Data for this exercise →
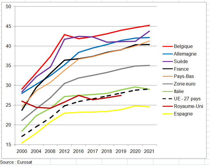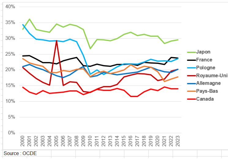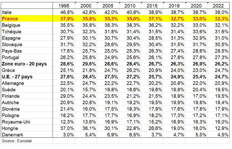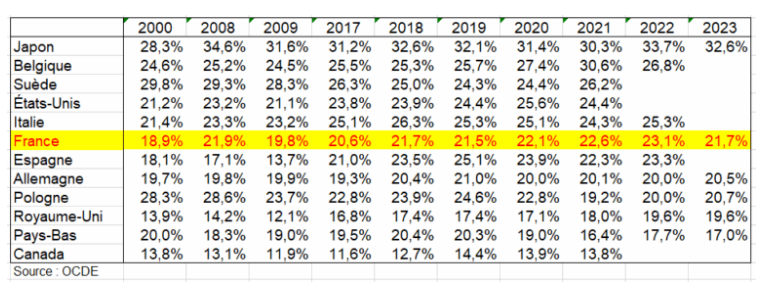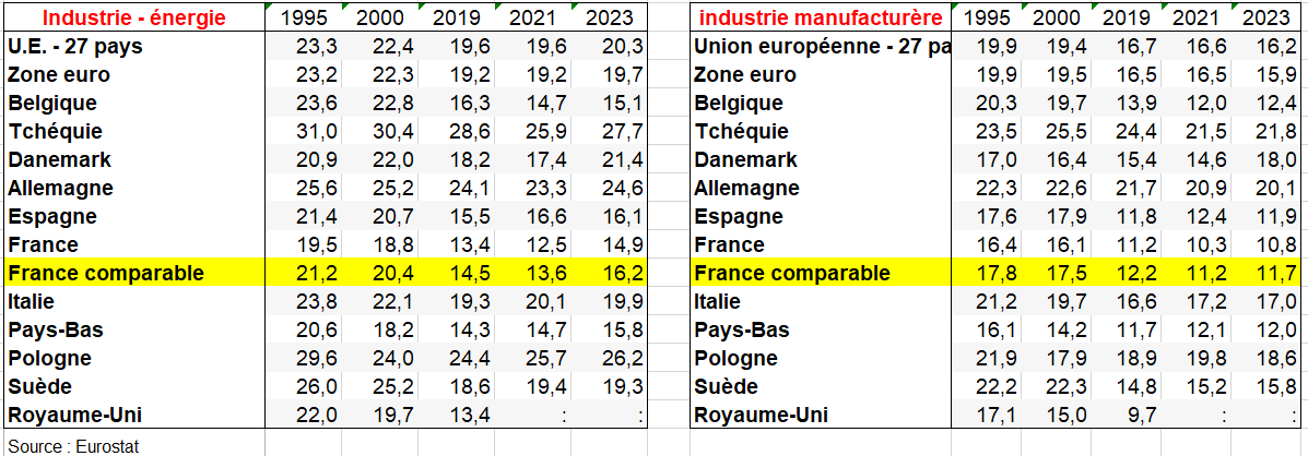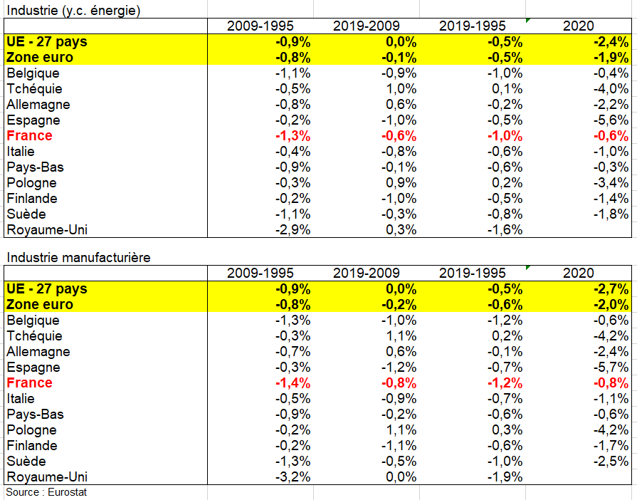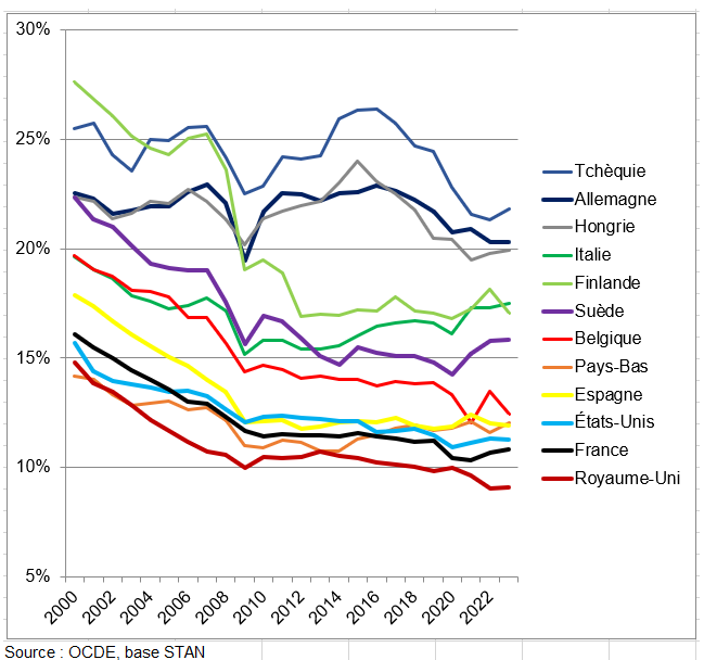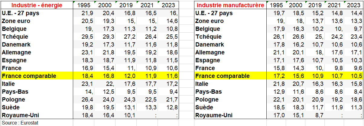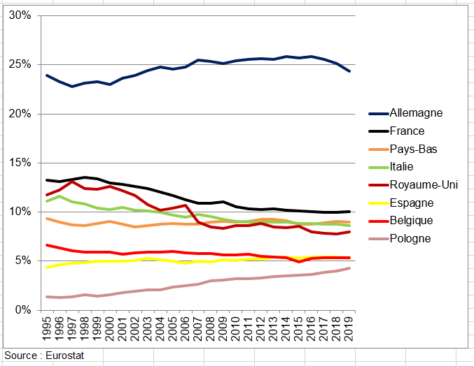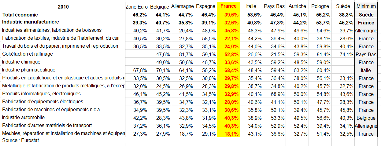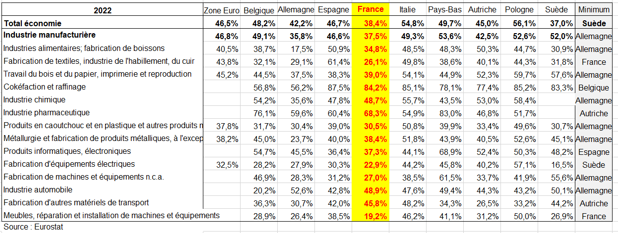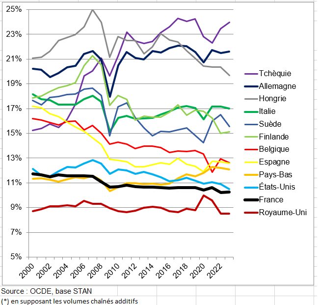 [2] Évolutions et comparaisons internationales, France Stratégie, https://www.strategie.gouv.fr/publications/politiques-industrielles-france-evolutions-comparaisons-internationales, voir aussi https://blog.insee.fr/combien-pese-l-industrie-en-france-et-en-allemagne/
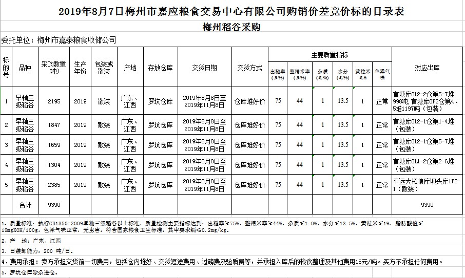 受客戶委托,梅州市嘉應(yīng)糧食交易中心有限公司定于2019年8月7日(星期三)舉辦稻谷購(gòu)銷價(jià)差聯(lián)動(dòng)標(biāo)的交易會(huì),梅州市嘉泰糧食收儲(chǔ)公司擬銷售和采購(gòu)早秈稻9390噸。
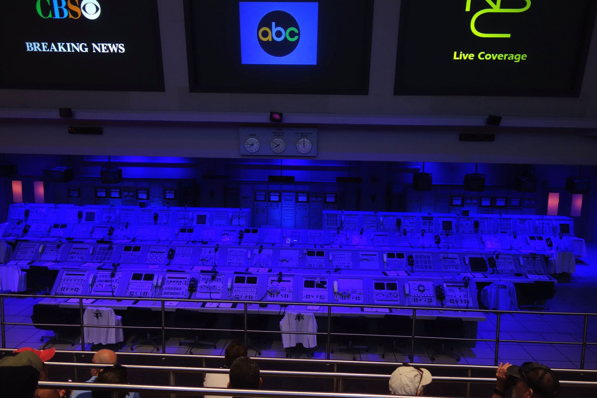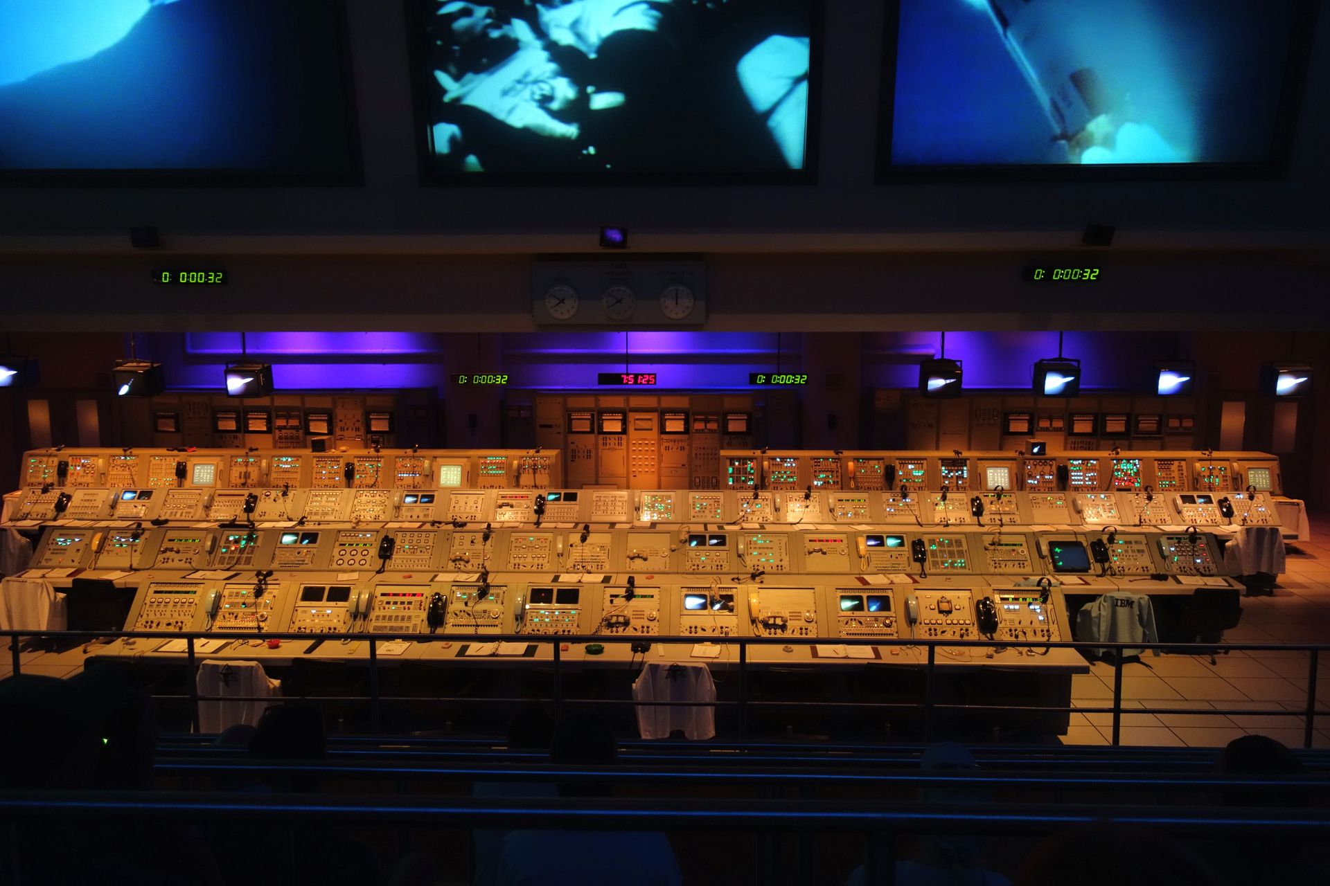 Anschließend geht es in einen nachgebauten Firing Room des LCC aus der Apollo-Zeit - wobei der echte neun statt vier Reihen hatte.
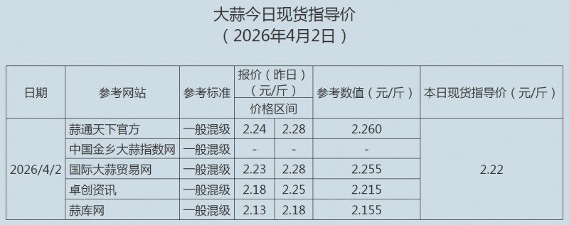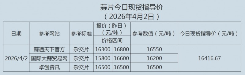 2026年4月2日大蒜、蒜片现货指导价
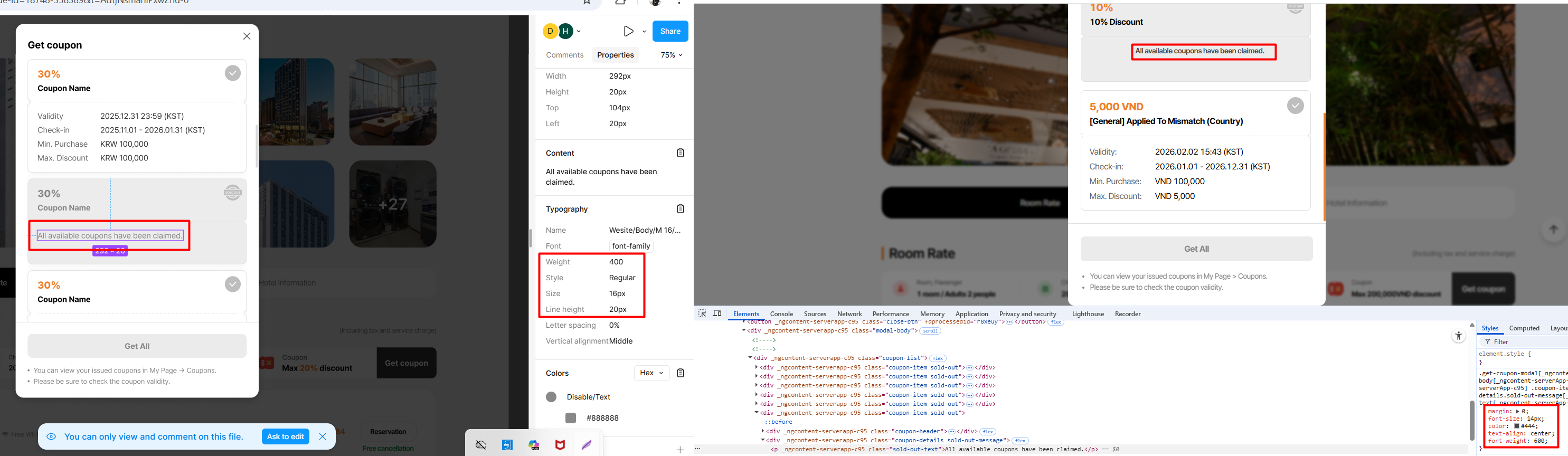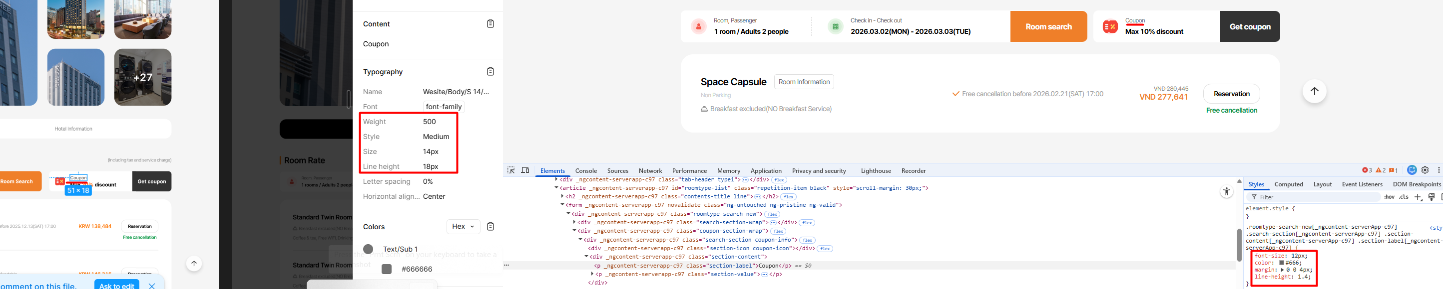 1. Coupon: Font-size: 14px and add font-weight: 500
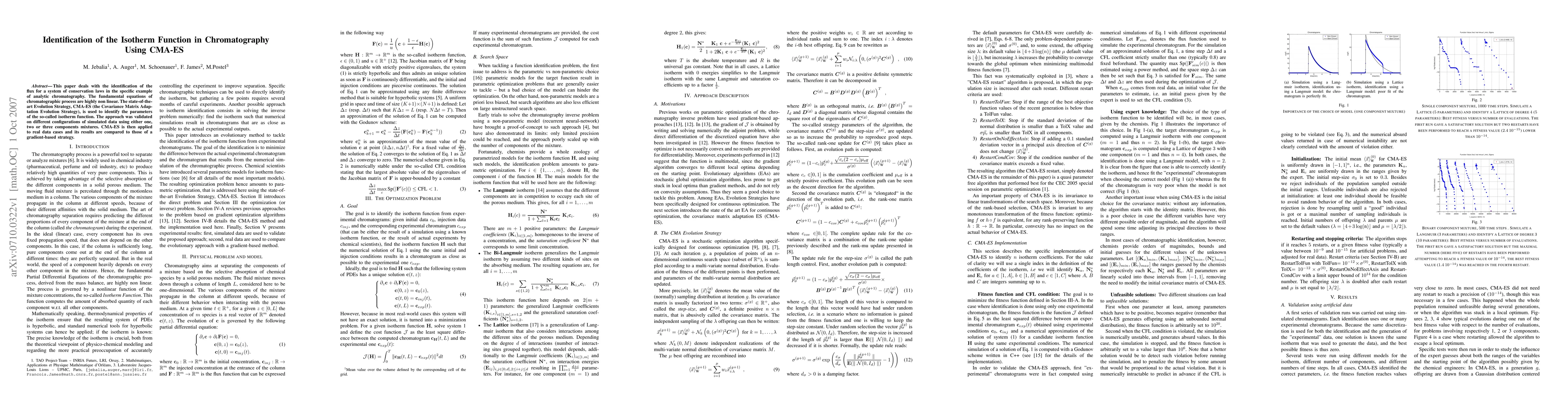This paper uses the CMA-ES evolution strategy to identify parameters for the isotherm function in chromatography, validated through simulated and real data comparisons with gradient-based methods. The approach demonstrates effectiveness in handling the highly nonlinear fundamental equations of the chromatographic process.
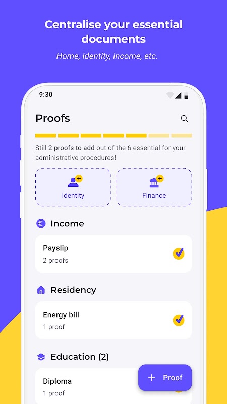 All the documents useful for your procedures are accessible via the "Supporting documents" section. Find all your proofs of identity, address, income, education, professional and banking documents.
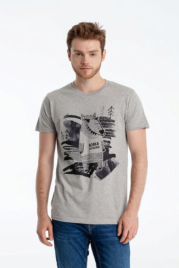 Пока человек человеку волк, для волка человеку и футболки не жалко! И пусть она не из волчьей шерсти, зато похожего цвета!Бесшовная футболка с круглым вырезом.
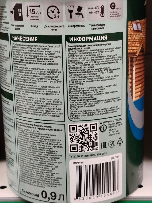 • Гибридное акрил-алкидное связующее образует атмосферостойкое паропроницаемое покрытие, древесина продолжает «дышать».

Exercise → From the records above, output only the lines starting at the one containing "Anschließend geht es" and ending at the one containing "1. Coupon: Font-size: 14px", word for word. Pictures stay out.

Answer for this exercise →
 Anschließend geht es in einen nachgebauten Firing Room des LCC aus der Apollo-Zeit - wobei der echte neun statt vier Reihen hatte.
 2026年4月2日大蒜、蒜片现货指导价
 1. Coupon: Font-size: 14px and add font-weight: 500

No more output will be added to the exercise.